The Western Pennsylvania Professional Football Circuit was a loose association of American football clubs that operated from 1890 to approximately 1940. Originally amateur, professionalism was introduced to the circuit in 1892; cost pressures pushed the circuit to semi-professional status from about 1920 through the rest of its existence. Existing in some form for 48 years, it was one of the longest-lived paying football loops to operate outside the auspices of the National Football League.

The football clubs of the 1880s and 1890s were amateur teams. They were under the membership of an athletic club, which provided both sports and the ability to wager money on the sports. However the prestige and increased membership that could come from a successful team, led these clubs to begin secretly hiring talented players. The amateur athletics that these clubs engaged in were policed by the Amateur Athletic Union (AAU). By the mid-1890s allegations of professionalism became known to the AAU. The Allegheny Athletic Association was found guilty of paying cash to players and was permanently barred from any kind of competition with other AAU members. This punishment would end a team, because their opponents, whether other pros, amateur associations, or colleges, would have simply stopped playing them. Allegheny then defied the AAU in 1896 and created an entirely open professional team. A year later, the Latrobe Athletic Association, went entirely professional. The misconception that these were amateur athletic club were held to in public, even when newspapers wrote openly of players being under contract. To get around this, the circuit teams played for local or regional championships, with the only generally recognized national champion being the best college football team. However the winner of the circuit was usually able to lay claim to a national, but professional, football title from 1890-1903.
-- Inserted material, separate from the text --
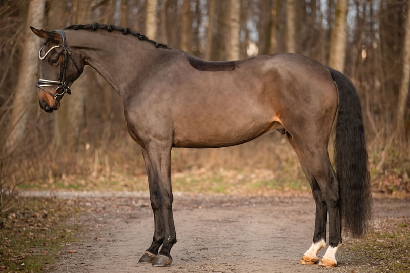 Gentili interessati, Per prenotare un appuntamento per una prova di monta, vi prego di inviarmi un messaggio WhatsApp. Per ulteriori domande, sono disponibile durante il giorno su WhatsApp, mentre il telefono è preferibile contattarlo tra le 16 e le 19. Non vedo l'ora di ricevere il vostro contatto. www.angelina-devittorio.de ⭐️Valentino⭐️ Età: 4 anni (2021) Altezza: circa 1,69 m Lineage: Va Bene x Lord Sinclair I Livello di addestramento: cavallo da dressage / livello DrPf A ACC: Buone radiografie disponibili In vendita un meraviglioso stallone di quattro anni, figlio di Va Bene, che si distingue per una qualità di movimento superiore in tutte e tre le andature di base. Ottimo giovane cavallo con un carattere fantastico e molte prospettive per grandi competizioni! Il suo galoppo si caratterizza per una meccanica eccellente, con un salto in avanti naturale, mentre il trotto si presenta elastico, molto sicuro nel ritmo e fluido, e il passo si distingue per chiarezza nel ritmo e ottimo spazio di estensione. Sempre collaborativo, coraggioso e con una mente lucida, dimostra un carattere equilibrato. Nonostante la sua assoluta idoneità per dilettanti, il suo attuale livello di addestramento richiede ancora un po’ di esperienza con giovani cavalli da parte del cavaliere. Da questo cavallo si sta sviluppando un esemplare di alta qualità, che possiede tutte le caratteristiche per una carriera di successo nel grande anello. ⚜️Tel: 0171-3438949 ⚜️a.devittorio@web.de ⚜️https://www.ehorses.de/angelinadevittorio Facebook e Instagram Angelina De Vittorio

By 1904, the exodus of pro football talent to the "Ohio League", diminished the region's level of play and the national professional champions, were usually then claimed by the teams from Ohio. Though a champion was declared by the media, fans and clubs throughout this period, a formal league was not founded until 1920, when several teams from the "Ohio League" and the New York Pro Football League formed the American Professional Football Association. In 1922 the APFA became the National Football League.